MANILA -- The Philippine government’s low debt level and high foreign reserves provide the Duterte Administration leeway to borrow more to finance its massive infrastructure program and help address risks to growth, a top economic think tank said.
Fitch Solutions is keeping its 6.1 percent growth forecast for the Philippine economy for 2019, after noting the 6.2-percent output, as measured by gross domestic product (GDP), last year.
In a report, the Fitch Group unit said external developments, such as the trade tension between the US and China and the faster-than-expected increase in the Federal Reserve’s key rates are projected to make investors look for safer assets.
However, it said that “risks to our growth forecasts in the near-term are evenly balanced.
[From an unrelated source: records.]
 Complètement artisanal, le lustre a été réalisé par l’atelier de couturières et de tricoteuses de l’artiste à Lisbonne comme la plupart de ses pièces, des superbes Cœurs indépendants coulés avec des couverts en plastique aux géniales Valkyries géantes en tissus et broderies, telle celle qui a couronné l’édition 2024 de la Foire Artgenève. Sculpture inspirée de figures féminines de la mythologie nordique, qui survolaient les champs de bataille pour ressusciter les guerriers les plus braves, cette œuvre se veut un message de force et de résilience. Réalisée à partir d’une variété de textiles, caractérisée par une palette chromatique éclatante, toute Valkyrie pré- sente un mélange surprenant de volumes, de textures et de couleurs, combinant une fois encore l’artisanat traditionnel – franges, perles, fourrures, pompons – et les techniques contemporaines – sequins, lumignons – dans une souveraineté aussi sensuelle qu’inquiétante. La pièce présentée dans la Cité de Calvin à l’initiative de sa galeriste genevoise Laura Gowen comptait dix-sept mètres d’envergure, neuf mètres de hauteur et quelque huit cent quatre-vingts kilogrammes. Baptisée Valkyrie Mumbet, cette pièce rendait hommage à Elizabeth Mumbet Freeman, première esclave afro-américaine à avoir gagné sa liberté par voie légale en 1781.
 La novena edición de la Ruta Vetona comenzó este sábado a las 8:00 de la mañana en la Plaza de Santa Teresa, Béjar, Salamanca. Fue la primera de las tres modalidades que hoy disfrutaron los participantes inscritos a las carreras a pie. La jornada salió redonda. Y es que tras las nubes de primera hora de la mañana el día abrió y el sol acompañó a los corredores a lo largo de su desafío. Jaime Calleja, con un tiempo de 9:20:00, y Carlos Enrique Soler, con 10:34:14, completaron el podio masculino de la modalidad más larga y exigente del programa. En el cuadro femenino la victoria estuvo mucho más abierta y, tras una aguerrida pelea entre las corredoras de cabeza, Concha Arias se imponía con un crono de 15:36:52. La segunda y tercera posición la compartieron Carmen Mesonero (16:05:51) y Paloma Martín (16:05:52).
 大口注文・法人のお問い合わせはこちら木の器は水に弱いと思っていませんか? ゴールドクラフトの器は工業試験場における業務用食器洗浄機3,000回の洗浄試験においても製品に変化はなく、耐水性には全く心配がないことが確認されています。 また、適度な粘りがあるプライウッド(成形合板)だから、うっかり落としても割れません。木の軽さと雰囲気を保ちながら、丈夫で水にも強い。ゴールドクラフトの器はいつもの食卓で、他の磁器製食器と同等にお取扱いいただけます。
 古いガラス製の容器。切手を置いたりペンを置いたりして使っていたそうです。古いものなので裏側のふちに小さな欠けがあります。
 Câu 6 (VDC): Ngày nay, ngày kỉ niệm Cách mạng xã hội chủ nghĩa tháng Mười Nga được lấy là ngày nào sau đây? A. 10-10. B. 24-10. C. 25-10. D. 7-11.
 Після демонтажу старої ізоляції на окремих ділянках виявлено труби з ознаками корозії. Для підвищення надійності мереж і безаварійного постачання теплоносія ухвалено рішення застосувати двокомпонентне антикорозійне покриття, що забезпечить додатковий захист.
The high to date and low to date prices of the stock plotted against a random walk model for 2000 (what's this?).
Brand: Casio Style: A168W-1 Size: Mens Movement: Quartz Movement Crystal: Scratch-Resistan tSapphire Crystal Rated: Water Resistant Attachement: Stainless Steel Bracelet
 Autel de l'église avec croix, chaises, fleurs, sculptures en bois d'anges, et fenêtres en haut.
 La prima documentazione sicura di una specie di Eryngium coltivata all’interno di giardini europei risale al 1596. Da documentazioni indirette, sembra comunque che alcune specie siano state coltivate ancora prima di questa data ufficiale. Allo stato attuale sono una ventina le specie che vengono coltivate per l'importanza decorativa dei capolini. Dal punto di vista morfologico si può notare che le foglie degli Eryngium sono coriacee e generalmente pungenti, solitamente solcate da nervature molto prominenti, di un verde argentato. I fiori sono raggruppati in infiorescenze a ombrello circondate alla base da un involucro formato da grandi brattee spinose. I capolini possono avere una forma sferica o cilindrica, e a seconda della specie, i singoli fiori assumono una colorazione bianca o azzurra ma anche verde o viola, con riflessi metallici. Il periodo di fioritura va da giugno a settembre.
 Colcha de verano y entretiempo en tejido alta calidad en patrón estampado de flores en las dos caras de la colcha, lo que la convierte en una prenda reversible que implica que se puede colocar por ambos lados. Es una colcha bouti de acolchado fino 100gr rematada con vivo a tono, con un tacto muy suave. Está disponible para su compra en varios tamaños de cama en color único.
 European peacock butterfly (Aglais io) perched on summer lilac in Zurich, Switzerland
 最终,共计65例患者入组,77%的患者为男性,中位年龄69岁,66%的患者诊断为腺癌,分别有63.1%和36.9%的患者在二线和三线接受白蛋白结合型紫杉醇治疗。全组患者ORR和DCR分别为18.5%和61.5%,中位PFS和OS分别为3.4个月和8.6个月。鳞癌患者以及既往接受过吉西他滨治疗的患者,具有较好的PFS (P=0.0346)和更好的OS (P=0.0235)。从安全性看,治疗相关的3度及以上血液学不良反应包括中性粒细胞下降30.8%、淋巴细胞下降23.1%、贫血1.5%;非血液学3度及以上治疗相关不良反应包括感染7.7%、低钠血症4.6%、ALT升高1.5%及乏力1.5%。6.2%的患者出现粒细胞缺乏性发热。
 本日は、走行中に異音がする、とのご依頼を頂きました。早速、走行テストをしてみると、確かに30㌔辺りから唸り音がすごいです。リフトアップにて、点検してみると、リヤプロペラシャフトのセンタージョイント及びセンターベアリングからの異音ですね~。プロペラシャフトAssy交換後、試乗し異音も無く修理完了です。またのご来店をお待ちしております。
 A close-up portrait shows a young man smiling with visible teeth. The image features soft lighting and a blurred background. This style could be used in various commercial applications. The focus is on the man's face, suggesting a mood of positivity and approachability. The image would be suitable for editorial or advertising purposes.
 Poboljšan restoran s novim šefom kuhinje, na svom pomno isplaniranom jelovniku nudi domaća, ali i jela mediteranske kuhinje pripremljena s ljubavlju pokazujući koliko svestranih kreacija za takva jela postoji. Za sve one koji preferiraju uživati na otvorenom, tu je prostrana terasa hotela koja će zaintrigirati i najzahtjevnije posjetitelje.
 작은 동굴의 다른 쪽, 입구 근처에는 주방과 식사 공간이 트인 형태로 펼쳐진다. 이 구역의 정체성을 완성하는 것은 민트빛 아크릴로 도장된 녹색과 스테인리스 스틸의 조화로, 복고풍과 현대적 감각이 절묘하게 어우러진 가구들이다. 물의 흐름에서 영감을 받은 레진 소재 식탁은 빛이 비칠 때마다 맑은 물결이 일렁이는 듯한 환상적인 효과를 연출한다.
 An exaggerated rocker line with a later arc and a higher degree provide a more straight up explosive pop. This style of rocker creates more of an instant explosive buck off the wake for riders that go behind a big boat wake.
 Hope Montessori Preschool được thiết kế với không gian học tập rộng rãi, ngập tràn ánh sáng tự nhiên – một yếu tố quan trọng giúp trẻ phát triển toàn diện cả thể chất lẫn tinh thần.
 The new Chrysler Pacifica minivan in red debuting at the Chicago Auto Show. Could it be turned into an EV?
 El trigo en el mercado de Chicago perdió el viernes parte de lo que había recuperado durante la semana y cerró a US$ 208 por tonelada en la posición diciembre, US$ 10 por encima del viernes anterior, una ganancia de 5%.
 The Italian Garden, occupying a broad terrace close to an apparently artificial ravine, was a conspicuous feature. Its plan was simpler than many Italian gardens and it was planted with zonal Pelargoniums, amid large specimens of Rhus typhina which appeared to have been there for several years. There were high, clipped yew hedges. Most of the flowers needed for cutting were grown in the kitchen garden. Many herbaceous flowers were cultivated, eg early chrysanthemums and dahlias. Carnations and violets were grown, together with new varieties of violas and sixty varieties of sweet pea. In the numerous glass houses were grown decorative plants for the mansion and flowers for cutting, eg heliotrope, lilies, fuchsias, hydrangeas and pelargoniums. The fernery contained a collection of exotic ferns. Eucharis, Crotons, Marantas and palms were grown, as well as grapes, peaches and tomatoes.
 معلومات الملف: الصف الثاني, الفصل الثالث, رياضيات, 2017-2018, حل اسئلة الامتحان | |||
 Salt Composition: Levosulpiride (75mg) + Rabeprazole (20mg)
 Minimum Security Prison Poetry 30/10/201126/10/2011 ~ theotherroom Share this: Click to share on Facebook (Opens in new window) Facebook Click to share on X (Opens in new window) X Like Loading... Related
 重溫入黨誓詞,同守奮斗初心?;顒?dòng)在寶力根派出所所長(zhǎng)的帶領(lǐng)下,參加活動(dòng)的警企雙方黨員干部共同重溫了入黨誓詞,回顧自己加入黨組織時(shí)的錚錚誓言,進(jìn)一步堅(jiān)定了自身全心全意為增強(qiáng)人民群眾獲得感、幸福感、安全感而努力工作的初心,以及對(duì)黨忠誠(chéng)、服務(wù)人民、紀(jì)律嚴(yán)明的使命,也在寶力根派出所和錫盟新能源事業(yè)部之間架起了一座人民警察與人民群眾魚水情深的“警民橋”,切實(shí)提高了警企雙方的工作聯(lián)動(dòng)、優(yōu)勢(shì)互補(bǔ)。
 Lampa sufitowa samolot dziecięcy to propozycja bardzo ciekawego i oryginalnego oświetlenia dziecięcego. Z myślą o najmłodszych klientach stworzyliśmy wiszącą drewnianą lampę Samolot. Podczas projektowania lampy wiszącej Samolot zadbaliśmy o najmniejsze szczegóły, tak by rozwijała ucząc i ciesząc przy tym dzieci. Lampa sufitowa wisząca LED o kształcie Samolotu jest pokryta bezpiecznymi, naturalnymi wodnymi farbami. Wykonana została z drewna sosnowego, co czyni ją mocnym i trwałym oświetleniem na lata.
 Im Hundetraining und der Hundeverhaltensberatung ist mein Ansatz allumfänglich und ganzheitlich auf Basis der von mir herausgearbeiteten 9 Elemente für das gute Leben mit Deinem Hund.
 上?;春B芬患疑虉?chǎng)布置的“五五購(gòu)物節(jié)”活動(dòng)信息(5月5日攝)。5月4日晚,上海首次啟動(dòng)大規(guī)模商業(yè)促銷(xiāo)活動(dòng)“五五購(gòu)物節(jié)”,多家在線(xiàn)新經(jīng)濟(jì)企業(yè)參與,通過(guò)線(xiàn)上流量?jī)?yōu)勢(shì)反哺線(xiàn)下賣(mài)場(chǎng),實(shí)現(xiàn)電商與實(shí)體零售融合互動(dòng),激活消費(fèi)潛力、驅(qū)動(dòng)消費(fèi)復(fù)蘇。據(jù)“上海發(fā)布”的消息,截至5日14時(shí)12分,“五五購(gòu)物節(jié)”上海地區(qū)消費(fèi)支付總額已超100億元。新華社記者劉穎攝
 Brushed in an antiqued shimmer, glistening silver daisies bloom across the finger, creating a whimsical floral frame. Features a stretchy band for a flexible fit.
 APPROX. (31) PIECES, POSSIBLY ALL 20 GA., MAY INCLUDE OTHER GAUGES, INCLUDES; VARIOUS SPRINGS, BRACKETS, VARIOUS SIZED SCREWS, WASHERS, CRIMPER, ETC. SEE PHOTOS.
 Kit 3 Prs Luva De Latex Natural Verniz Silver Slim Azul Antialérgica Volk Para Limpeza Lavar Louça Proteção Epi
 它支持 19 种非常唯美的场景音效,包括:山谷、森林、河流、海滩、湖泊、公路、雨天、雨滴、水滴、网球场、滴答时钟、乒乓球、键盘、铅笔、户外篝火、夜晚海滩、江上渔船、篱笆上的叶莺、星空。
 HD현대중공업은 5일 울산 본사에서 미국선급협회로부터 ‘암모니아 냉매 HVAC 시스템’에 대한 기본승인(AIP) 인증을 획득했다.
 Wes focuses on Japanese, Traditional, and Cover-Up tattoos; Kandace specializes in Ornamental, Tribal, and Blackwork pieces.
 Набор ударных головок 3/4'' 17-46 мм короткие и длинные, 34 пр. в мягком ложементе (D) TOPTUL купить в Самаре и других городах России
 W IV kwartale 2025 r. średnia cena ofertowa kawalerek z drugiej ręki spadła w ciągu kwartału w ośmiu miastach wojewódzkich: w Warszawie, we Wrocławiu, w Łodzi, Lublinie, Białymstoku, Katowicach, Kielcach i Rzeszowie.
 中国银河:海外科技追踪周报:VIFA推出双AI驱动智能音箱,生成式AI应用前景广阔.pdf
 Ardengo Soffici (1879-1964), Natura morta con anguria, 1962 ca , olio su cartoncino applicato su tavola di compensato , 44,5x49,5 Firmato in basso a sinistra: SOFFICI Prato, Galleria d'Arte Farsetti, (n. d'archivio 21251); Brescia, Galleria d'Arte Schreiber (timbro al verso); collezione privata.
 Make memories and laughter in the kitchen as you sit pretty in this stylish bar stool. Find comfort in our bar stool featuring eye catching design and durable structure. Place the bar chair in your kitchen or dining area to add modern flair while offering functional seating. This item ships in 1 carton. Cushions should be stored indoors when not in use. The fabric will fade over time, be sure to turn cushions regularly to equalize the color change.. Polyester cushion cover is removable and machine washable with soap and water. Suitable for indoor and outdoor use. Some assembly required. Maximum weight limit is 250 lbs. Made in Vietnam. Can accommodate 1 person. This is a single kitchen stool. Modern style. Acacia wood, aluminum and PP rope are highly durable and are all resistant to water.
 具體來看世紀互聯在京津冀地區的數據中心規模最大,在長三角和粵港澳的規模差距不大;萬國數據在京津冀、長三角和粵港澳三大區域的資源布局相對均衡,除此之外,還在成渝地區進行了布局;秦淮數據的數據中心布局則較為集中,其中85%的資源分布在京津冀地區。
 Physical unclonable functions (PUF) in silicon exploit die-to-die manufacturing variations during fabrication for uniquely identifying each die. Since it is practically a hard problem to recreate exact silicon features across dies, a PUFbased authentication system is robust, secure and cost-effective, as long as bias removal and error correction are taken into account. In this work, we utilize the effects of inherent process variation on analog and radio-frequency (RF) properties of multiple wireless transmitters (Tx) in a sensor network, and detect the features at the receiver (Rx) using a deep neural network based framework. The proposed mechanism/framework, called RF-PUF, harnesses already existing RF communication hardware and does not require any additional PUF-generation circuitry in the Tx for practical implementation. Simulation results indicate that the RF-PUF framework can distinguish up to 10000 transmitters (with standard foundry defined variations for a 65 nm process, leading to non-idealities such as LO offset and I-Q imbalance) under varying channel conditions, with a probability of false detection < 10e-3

It explained that to counter the negative impact of external developments the government could hike its expenditures even if it breaches the deficit cap of 3 percent of GDP.
It can finance the additional spending through increase in borrowing, it said.
“The relatively large foreign reserves (more than eight months of import cover) and low public debt load (42.1 percent of GDP) suggest that there is room for the government to borrow and spend aggressively, which would provide a short-term boost to growth,” it said.
Data from the Bangko Sentral ng Pilipinas (BSP) showed that gross international reserves as of end-2018 reached USD78.46 billion, equivalent to 6.9 months’ worth of imports of goods and payments of services and primary income.
The Fitch report, on the other hand, stated that the additional expenditures “would likely come at the expense of longer-term macroeconomic stability.”